トップシークレット

 電車の車窓が歯車が滞った街を写していく。やけに遅い電車に乗りながらそんなことをふと思う。そういえばディズニーで買ったお土産がまだ残っているなとか、今日は何を食べようか、とか考えるこの時間は結構好きだ。片道1時間半の通学もさほど苦痛ではなく、ただひたすらに考え事に費やす。もしくは寝てる。電車の中には片手で数えられるくらいの人数しか乗っていなくて、彼らもまた寝てるか外を眺めている。謎の一体感が生まれつつも誰も他人のことに興味など持ち合わせておらず、精々下車するタイミングでチラッと見るくらいだ。

 秘密、と聞いてどんなものを思い浮かべるだろうか。誰にもいいたくないことや見せたくないもの、聞かれたくないものは割に存在する。私にとってこのnoteはトップシークレットと言ってもいい。最近になって漸く一部の人に教えることが出来ている。

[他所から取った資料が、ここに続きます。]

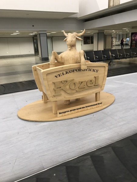 プラハ空港へ到着すると木彫りのヤギが出迎えてくれた。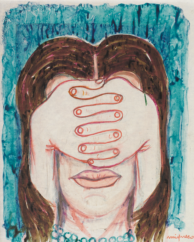 GIUSEPPE MIGNECO Messina 09/02/1908 - Milano 28/02/1997 Figura, anni '80 china colorata su carta intelata cm. 58,2x46,7; firma in basso a destra, opera registrata presso l'Archivio Giuseppe Migneco come da dichiarazione su foto.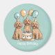 Cute cartoon illustration of Goldendoodle dogs wearing a birthday hat surrounding a birthday cake and balloons. Perfect for pet lovers or dog parents.

そもそも人に伝えるべきなのか、相手にとってそれはただの広告みたいなもので目には付くし知ることは出来るが大して興味もないのではないか、という葛藤も存在するけれど。ありがたいことに寧ろ褒められることも稀なことではない。「この表現が好きだ」とか「視点がすごい」など思ってもみなかった励ましをもらうことができ、モチベが上がる。まぁ、秘密を公表してしまったらそれは秘密として成り立たなくなりなんの変哲もない趣味として成立してしまうわけだけど。私がこのコンテンツを利用していることを隠していた大部分の理由として「変な目で見られるかもしれない」という一抹の不安があった。小学校の頃、自分が描いた絵をバカにされたり自分が書いた文章をバカにされたりして自分の作り上げるものは世に出してはいけないものなのだ、という認識が強くなった。否定されることはこわい。まっこと当たり前のことだが当時の私にとってそれは衝撃的な事実で、目を背けることなんて絶対にできない大きな問題だった。そのトラウマが根を生やし身体中を張り詰めていた。

 曖昧な言葉で表現することは人を無下にする。だから少しでも語彙力を増やしたいと思うし、言語化する能力を身につけたいとも思う。ただ、感受性が豊かであることは一種の不幸だ。元々生きずらさを感じている人が、人より情報を多く受けとってしまうと自我の崩壊に繋がりかねない。そして、豊かな人間は「豊かでは無いこと」を知らない。ワンピースで天竜人が奴隷の生活を知らないように、環境が良すぎてもそれらは欠損に過ぎない。そういった意味では、貧しい人の方が実は豊かであったりする。例えば、めちゃくちゃ幸せな時に何か創作活動をしたとしてそれは人の心に響くだろうか。私は今まで日陰で生きてきた人間なのでそうは思わない(無論、その逆の意見があったとしてもそれは受け入れるべきだ)。そのため、人間の本質はいかに貧しく泥臭く生きていけるかというところに表れると考える。

 先日高校の友達と外食に行った。定期的に集まって他愛もない会話をダラダラとしながら、気がついたら閉店時間が差し迫っているなんてことはザラだ。自分にとってこの時間は守るべき時間だし、それを奪われたらもうどうしようもなくなるだろう。当然、各々が抱える秘密はあるだろう。そんなものが関係なくなるくらい、ひいては秘密が秘密で無くなってしまうくらいの時間が築けますように。心の底から願っている。

 電車はとっくに目的地に到着し、駅のホームには冷たいアナウンスの声だけが残る。風が涼しくなって幾許か過ごしやすくなった。改札には誰もいない。もちろん、ホームにも。帰ったら何をしようか。